2. Whether the plea of guilt made by the accused does not relieve the prosecution of the duty to prove the guilt of the accused beyond reasonable doubt.

3. Whether the accused must be given a reasonable opportunity to present evidence despite latter’s plea of guilt.


1. Yes, in every case where the accused enters a plea of guilty to a capital offense, especially when he is ignorant with little or no education, the proper and prudent course to follow is to take such evidence as are available and necessary in support of the material allegations of the information, including the aggravating circumstances therein enumerated, not only to satisfy the trial judge himself but also to aid the Supreme Court in determining whether the accused really and truly understood and comprehended the meaning, full significance, and consequences of his plea. In particular, trial courts are mandated to conduct the searching inquiry.

Corollary to this duty, a plea of guilty to a capital offense without the benefit of a searching inquiry or an ineffectual inquiry, as required by Sec. 3, Rule 116 of the 2000 Revised Rules, results to an improvident plea of guilty. It has even been held that the failure of the court to inquire into whether the accused knows the crime with which he is charged and to fully explain to him the elements of the crime constitutes a violation of the accused’s fundamental right to be informed of the precise nature of the accusation against him and a denial of his right to due process.

2. Yes, the reason behind this requirement is that the plea of guilt alone can never be sufficient to produce guilt beyond reasonable doubt. It must be remembered that a plea of guilty is only a supporting evidence or secondary basis for a finding of culpability, the main proof being the evidence presented by the prosecution to prove the accused’s guilt beyond reasonable doubt. Once an accused charged with a capital offense enters a plea of guilty, a regular trial shall be conducted just the same as if no such plea was entered. The court cannot, and should not, relieve the prosecution of its duty to prove the guilt of the accused and the precise degree of his culpability by the requisite quantum of evidence. The reason for such rule is to preclude any room for reasonable doubt in the mind of the trial court, or the Supreme Court on review, as to the possibility that the accused might have misunderstood the nature of the charge to which he pleaded guilty, and to ascertain the circumstances attendant to the commission of the crime which may justify or require either a greater or lesser degree of severity in the imposition of the prescribed penalties. Thus, as it stands, the conviction of the accused no longer depends solely on his plea of guilty but rather on the strength of the prosecution’s evidence.

3. Yes, to allow the accused to present exculpatory or mitigating evidence on his behalf in order to properly calibrate the correct imposable penalty. This duty, however, does not mean that the trial court can compel the accused to present evidence. Of course, the court cannot force the accused to present evidence when there is none. The accused is free to waive his right to present evidence if he so desires.

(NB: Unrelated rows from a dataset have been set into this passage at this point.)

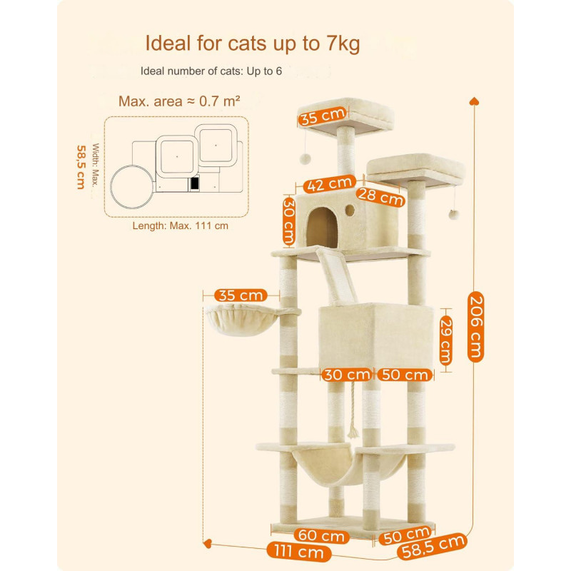 206 cm høyt kloretre med 5 nivåer og korte avstander (ca. 30–40 cm) som gjør det enkelt å klatre opp og ned – perfekt for katter som liker å sitte høyt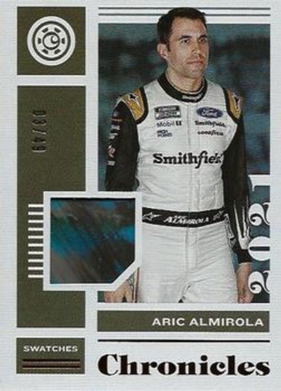 The Aric Almirola 2021 Chronicles NASCAR #CS-AA Chronicles Swatches - Red /49 card is 1 of 86 Aric Almirola's card variations in the 2021 Chronicles NASCAR set being tracked by Sports Card Investor, including Absolute, Absolute Autographs, Chronicles Swatches, Cornerstones Materials Signatures, and Crusade.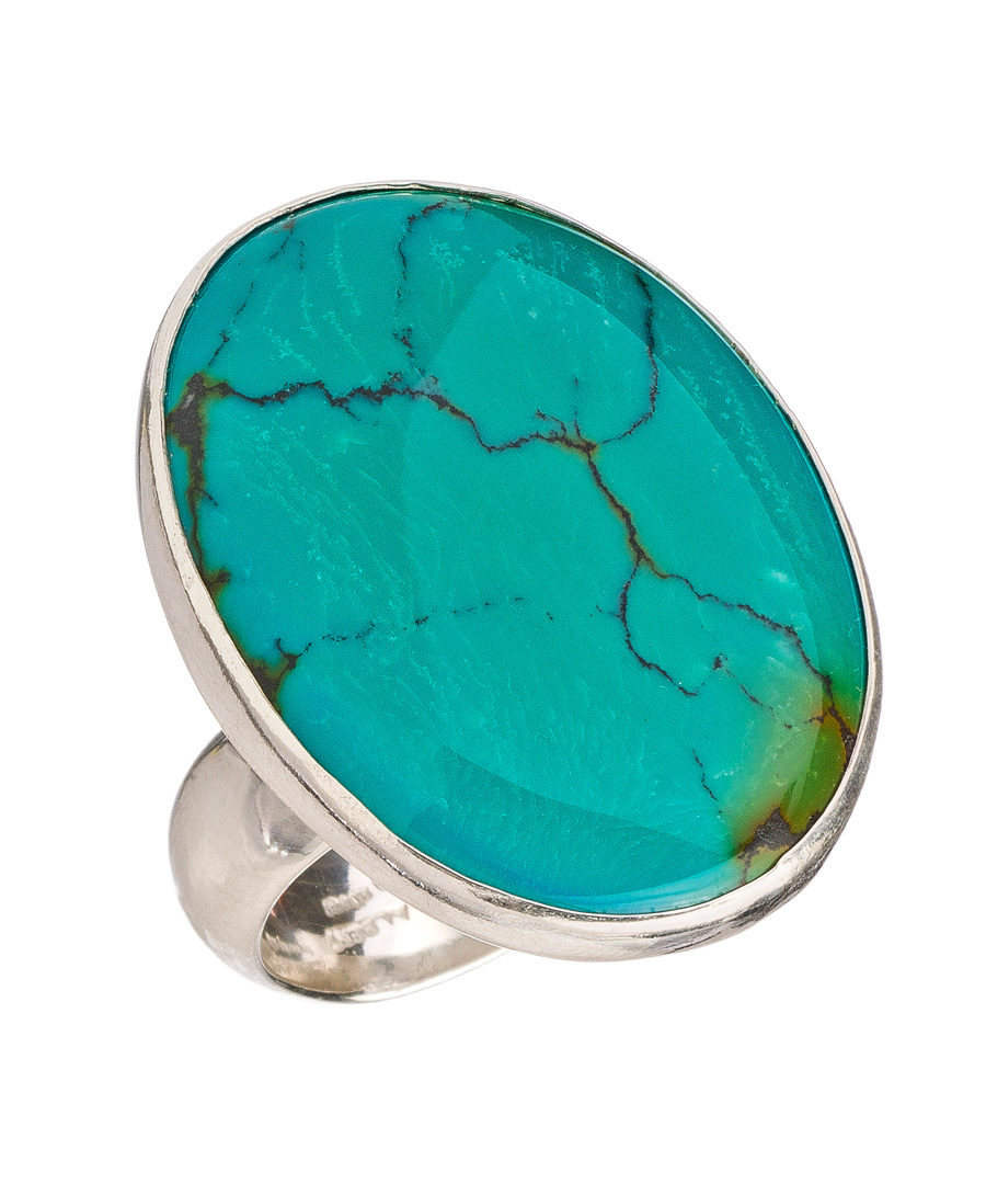 It's easy to look like a fashion maven in this oval turquoise adjustable ring from Charles Albert. The turquoise stone shows off its unique characteristics wonderfully in a bezel setting. Its a bold look that's simple at heart, not to mention a great compliment to your everyday looks.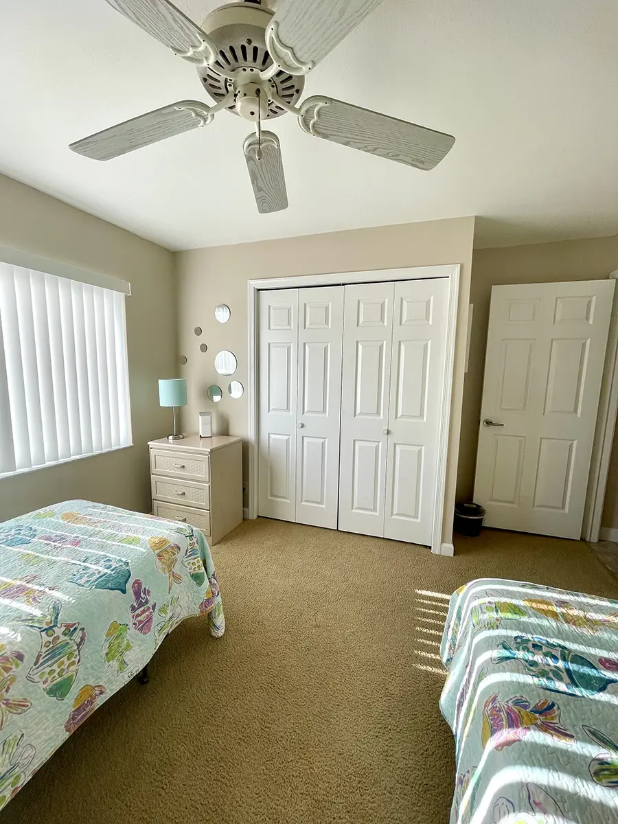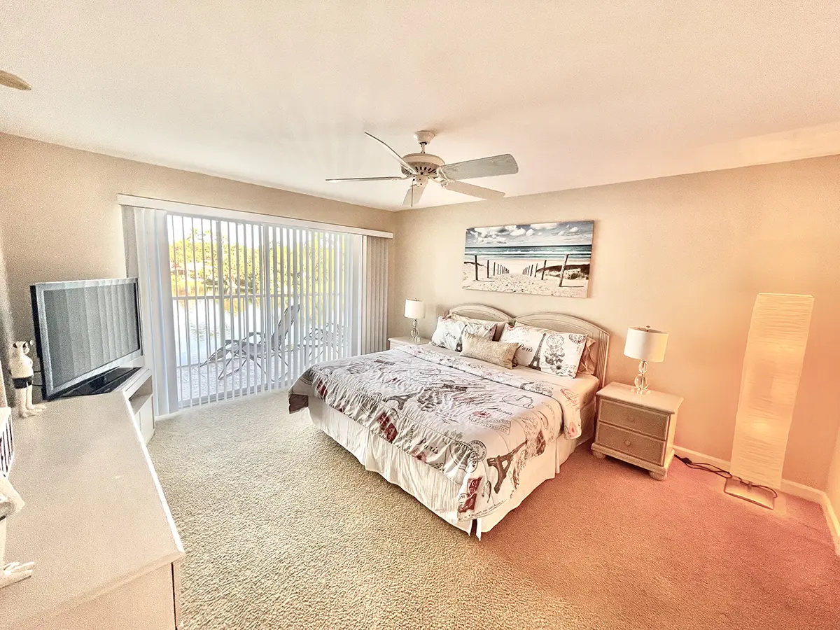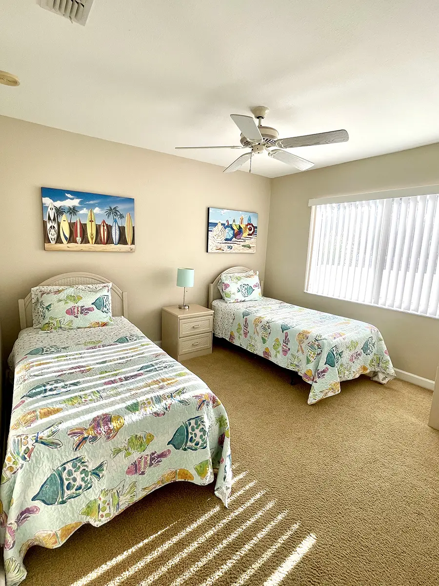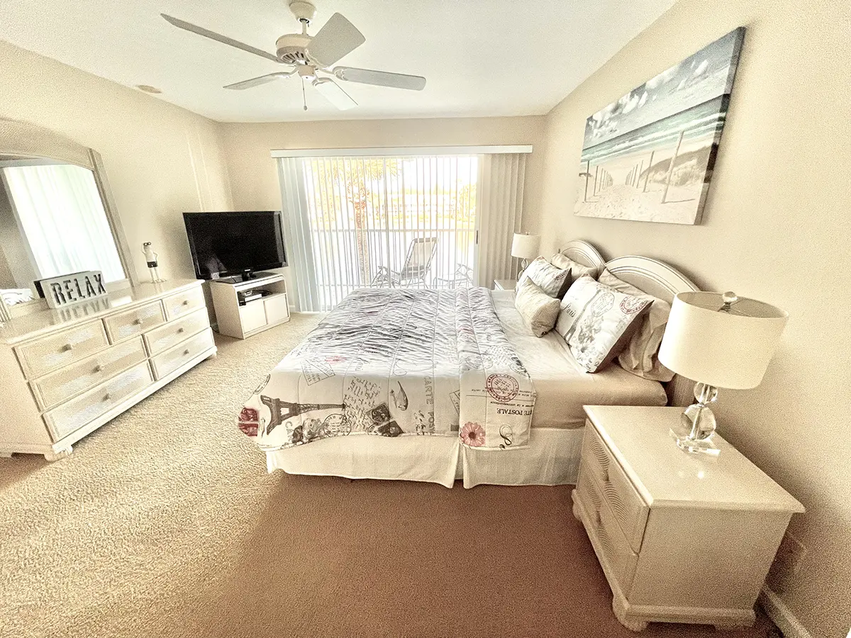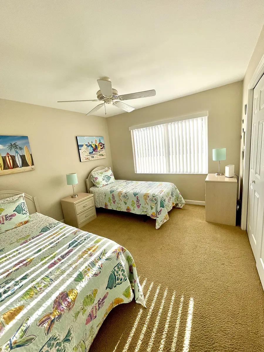 The master suite features a king-size bed, en-suite bathroom, walk-in closet, and access to the rear lanai for ultimate relaxation. The guest bedroom has two twin beds with an adjacent bathroom, perfect for family or friends. High ceilings and an open-concept layout make the condo feel bright and airy, flowing seamlessly from the fully equipped kitchen to the dining and living areas and out to the lanais.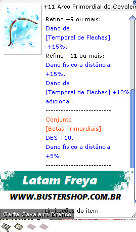 Refino +7 ou mais: Recarga de [Temporal de Flechas] -2 segundos. Refino +9 ou mais: Dano de [Temporal de Flechas] +15%. Refino +11 ou mais: Dano físico a distância +15%. Dano de [Temporal de Flechas] +10% adicional. -------------------------- Conjunto [Botas Primordiais] DES +10. Dano físico a distância +5%. --------------------------

To protect the constitutional right to due process of every accused in a capital offense and to avoid any confusion about the proper steps to be taken when a trial court comes face to face with an accused or his counsel who wants to waive his client’s right to present evidence and be heard, it shall be the unequivocal duty of the trial court to observe, as a prerequisite to the validity of such waiver, a procedure akin to a searching inquiry.